What you need to do
Although the listing below holds pictures, reproduce only its lines from the one containing "CalEnviroScreen 4.0 Results" through the last, exactly and without them.
(Dataset content)
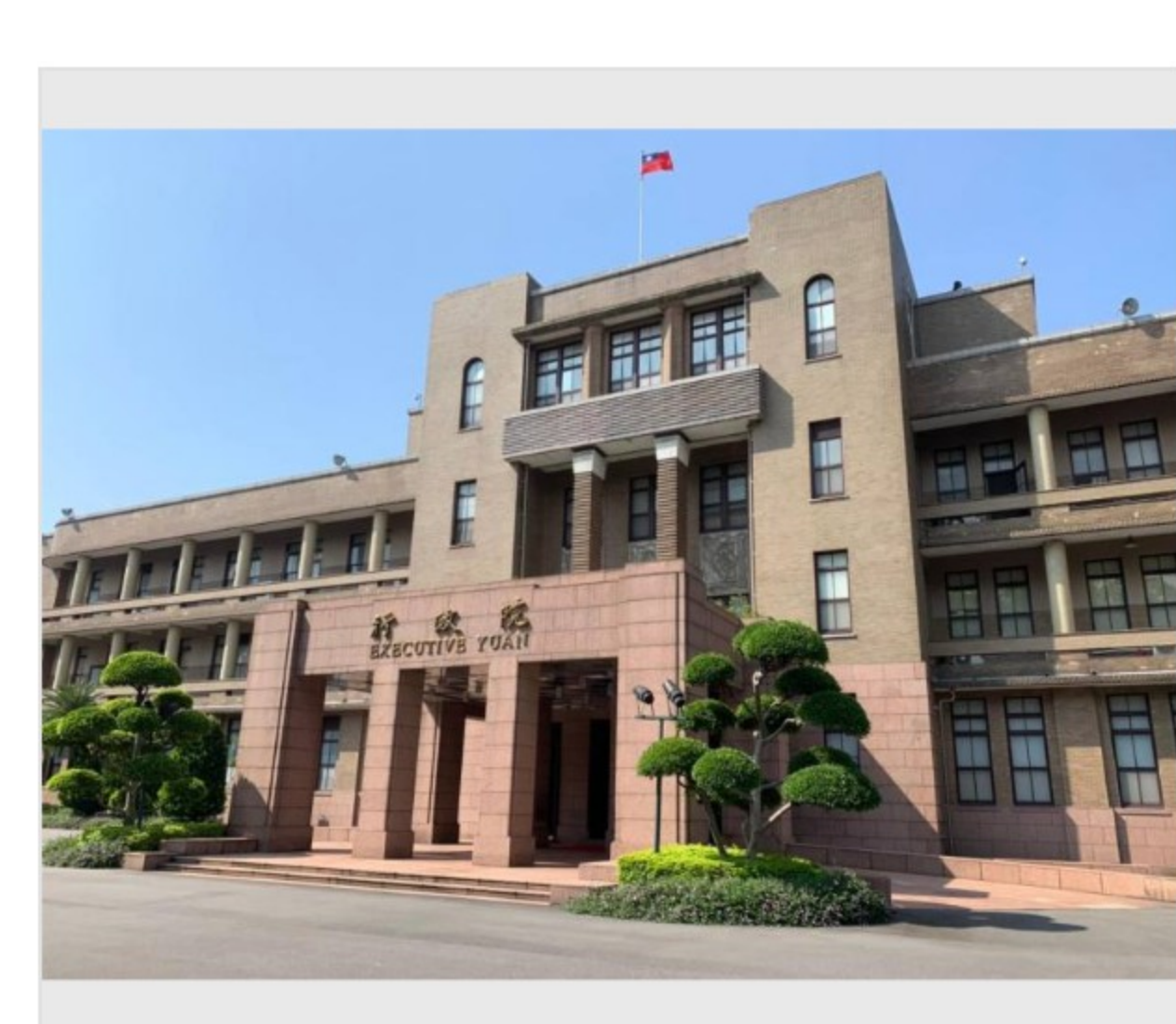
2023/12/18 Premier lauds achievements on social housing, targets 1 million
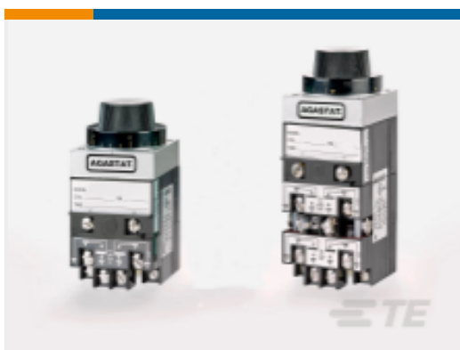
TE Part #4-1423164-9 7022SJ=RLY, STD, OFF, 250 VDC
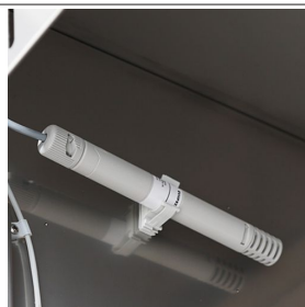
Internal room humidity control kit with electronic probe for detecting relative humidity
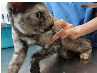
Cat with fractured leg

In understanding of this, the Special Appeals section of CWS was launched in 2010 and continues to be run. Through the generosity of the public who follow the appeals on our Facebook page or website, we have closed 87 appeals in 2011. This is a 320% increase in closed appeals.
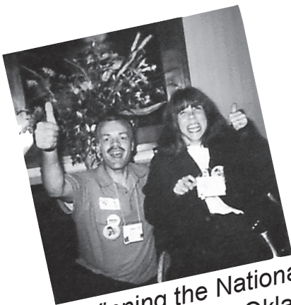
Winning the National Conference Bid in Oklahoma

And to everyone who reads this, remember that we are all in this together!
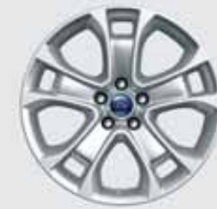
18" x 7.5" alloy wheel

Seat insert: Prada in Charcoal Black Seat bolster: Torino Leather in Charcoal Black Instrument panel: Charcoal Black
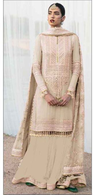
S - 98 D
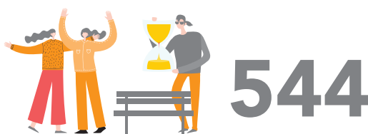
提供參與及服務社區的服務節數 No. of serving community programme sessions
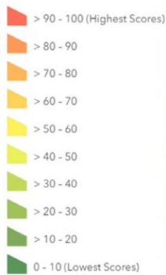
CalEnviroScreen 4.0 Results
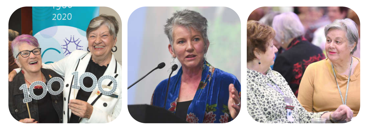
These photos were taken at VIEW National Convention in Adelaide 2022.

Price includes: Buffet lunch with tea/coffee and orange juice
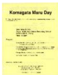
Komagata Maru day (2020_04_004_019)
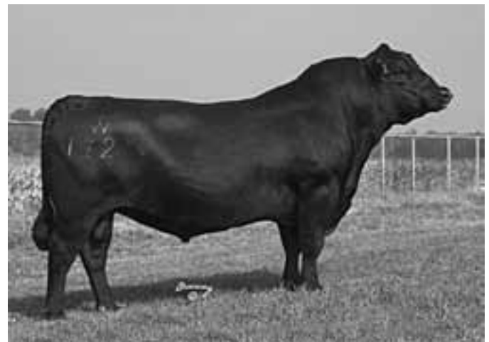
RITO 1I2 OF 2536 RITO 6I6

Consignor: PHILLIPS MOUNTAIN ANGUS BUD PHILLIPS
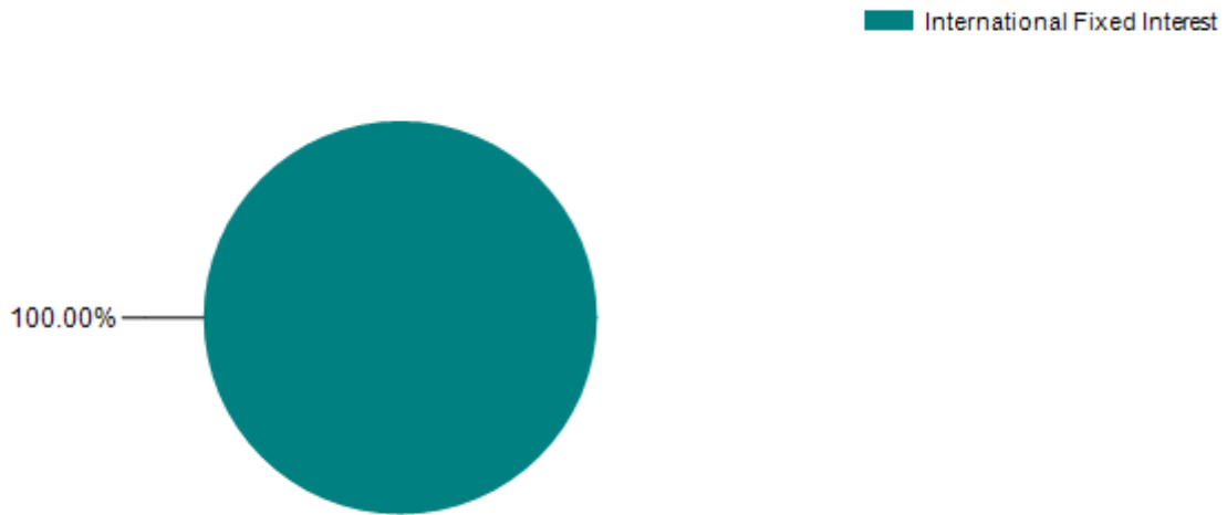
Target Investment Mix

Foreign currency exposure was 98.76% hedged to New Zealand dollars as at 31 March 2026
(End Dataset content)
Worked solution
CalEnviroScreen 4.0 Results
These photos were taken at VIEW National Convention in Adelaide 2022.

Price includes: Buffet lunch with tea/coffee and orange juice
Komagata Maru day (2020_04_004_019)
RITO 1I2 OF 2536 RITO 6I6

Consignor: PHILLIPS MOUNTAIN ANGUS BUD PHILLIPS
Target Investment Mix

Foreign currency exposure was 98.76% hedged to New Zealand dollars as at 31 March 2026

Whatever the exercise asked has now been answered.